[[ SUPPLIED DATA open ]]

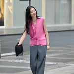 Colorful Layered Wool Vest for Women | V-Neck Mock Two-Piece Design | Gray, Pink, Yellow
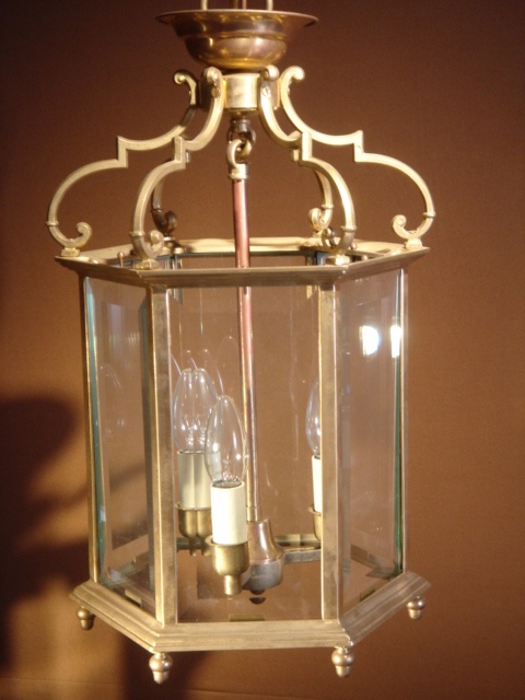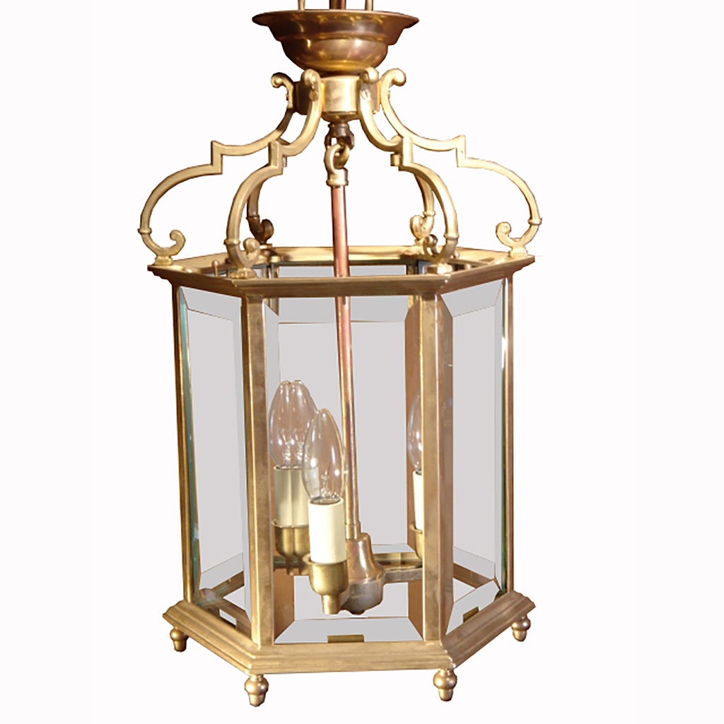 BRASS SIX SIDED HALL LANTERN WITH BEVELLED GLASS AND SCROLL WORK TOP
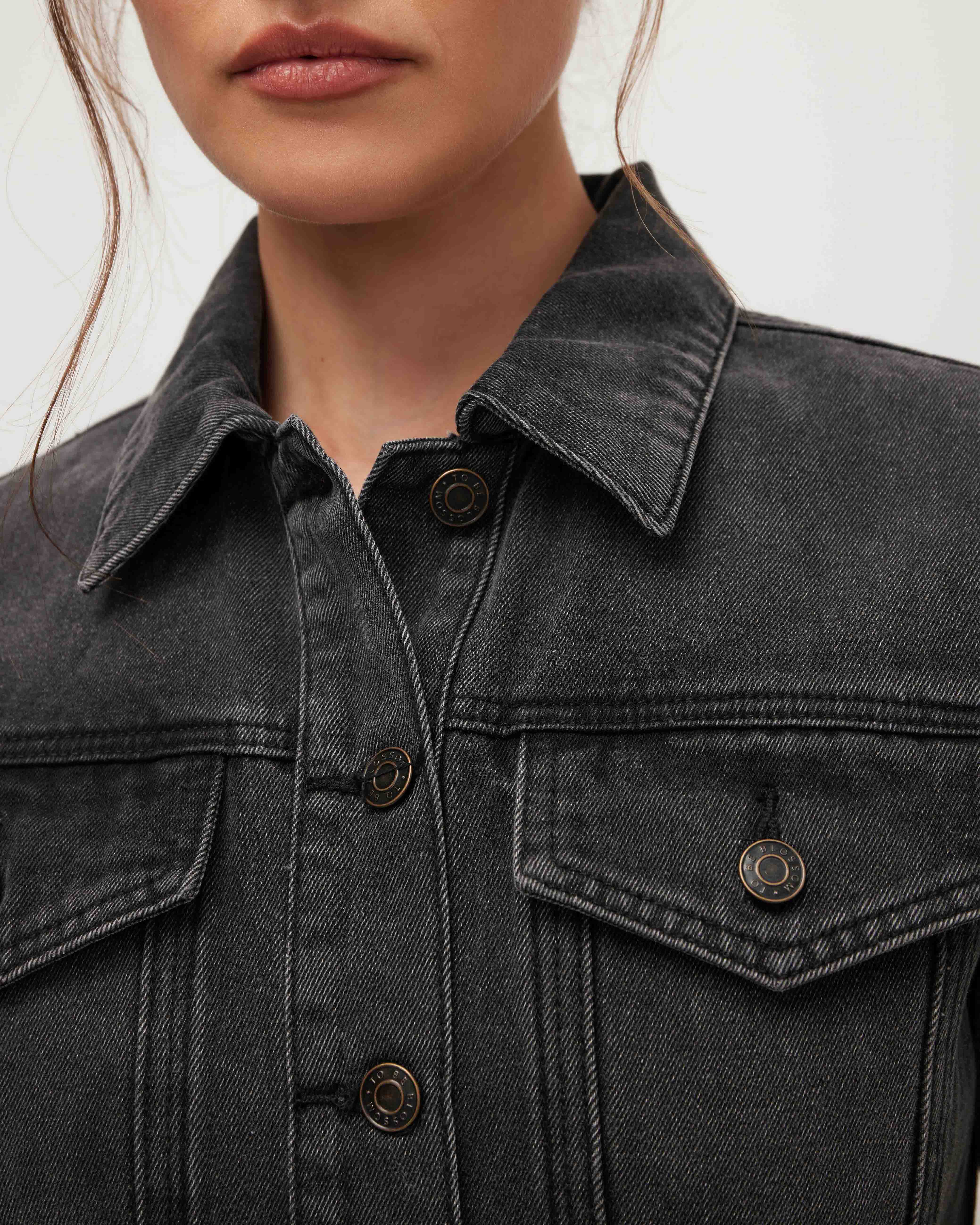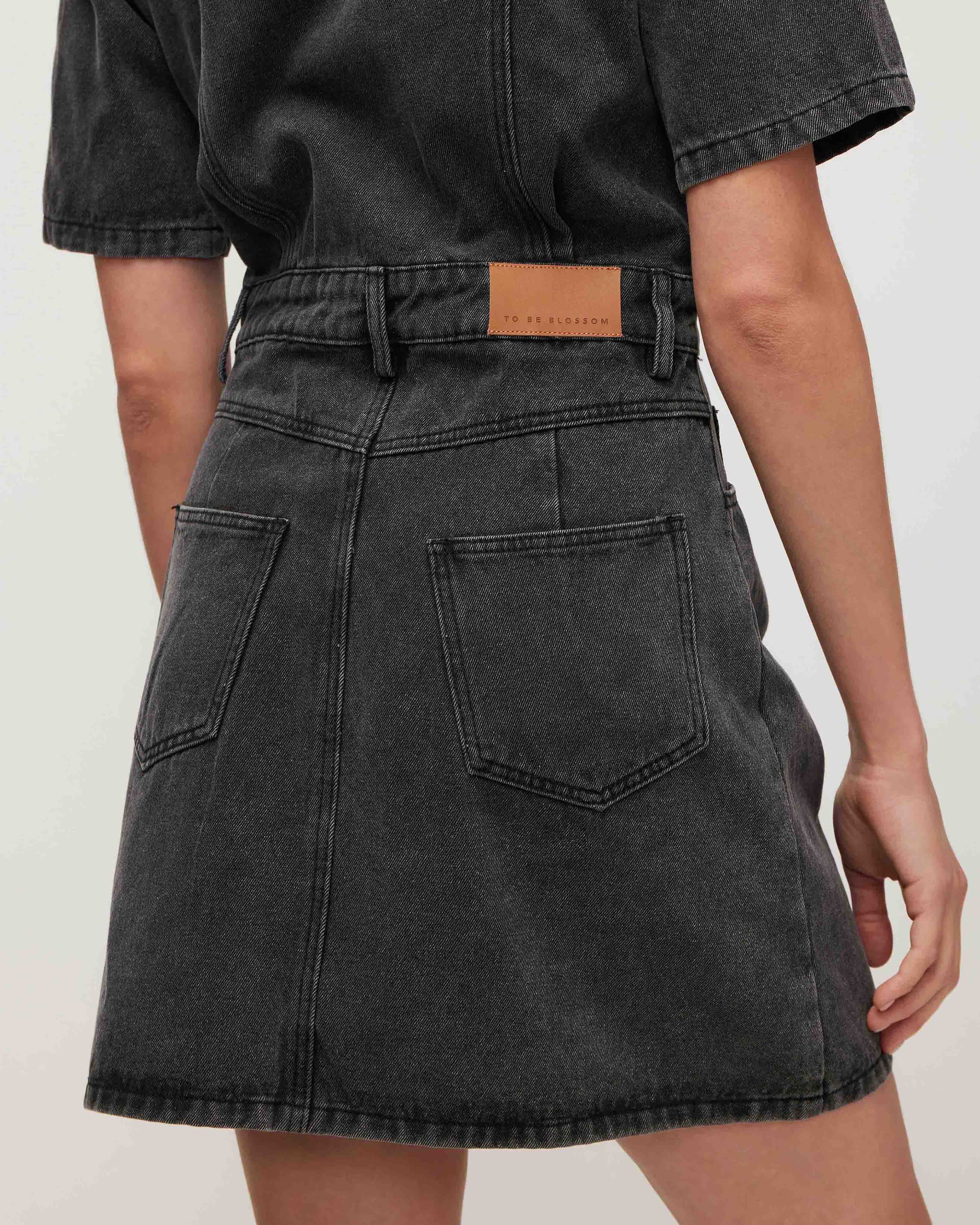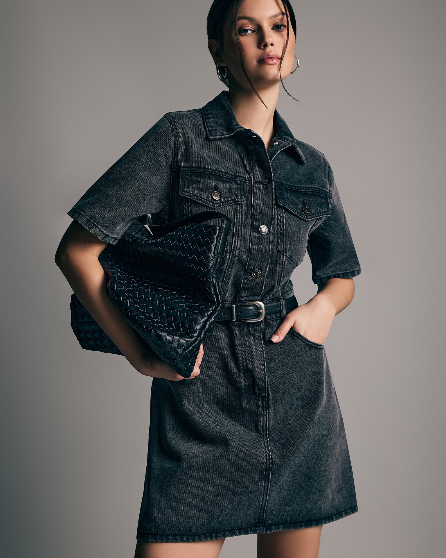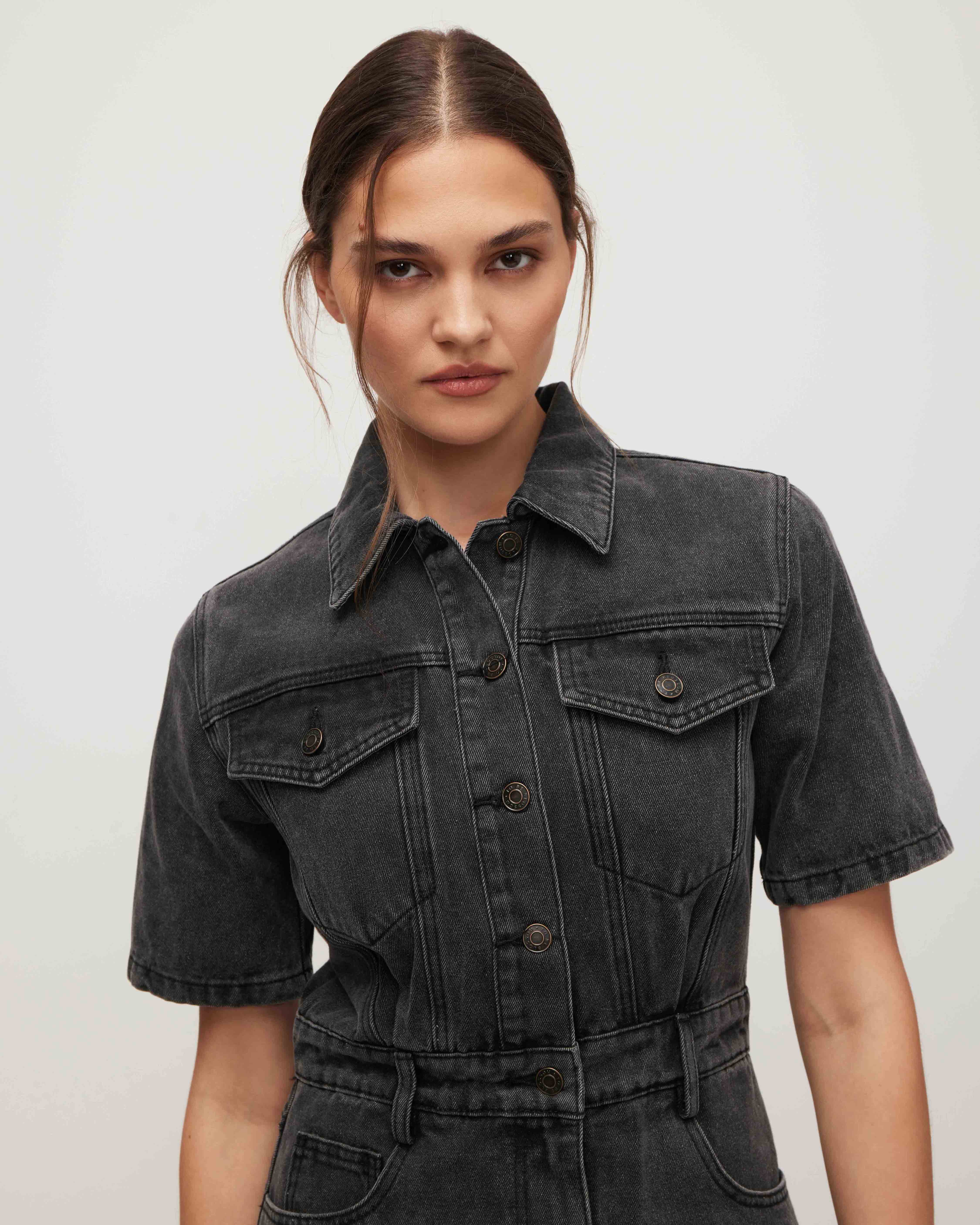 A fitted denim mini dress. It fastens with buttons, and a zip runs from the waist, concealed under a placket. A belt, belt loops, a turn-down collar, and two patch pockets with flaps on the chest add functional and stylish accents. Model's measurements: height 178 cm, bust 87 cm, waist 64 cm, hips 94 cm. Model wears size: S.

[[ SUPPLIED DATA closed ]]

_YOUR OBJECTIVE_
Only the lines from the first line of the data above through the line with "BRASS SIX SIDED" should appear in the answer, retyped exactly, with every picture left out.

_RESULT FOR THIS EXERCISE_
 Colorful Layered Wool Vest for Women | V-Neck Mock Two-Piece Design | Gray, Pink, Yellow
 BRASS SIX SIDED HALL LANTERN WITH BEVELLED GLASS AND SCROLL WORK TOP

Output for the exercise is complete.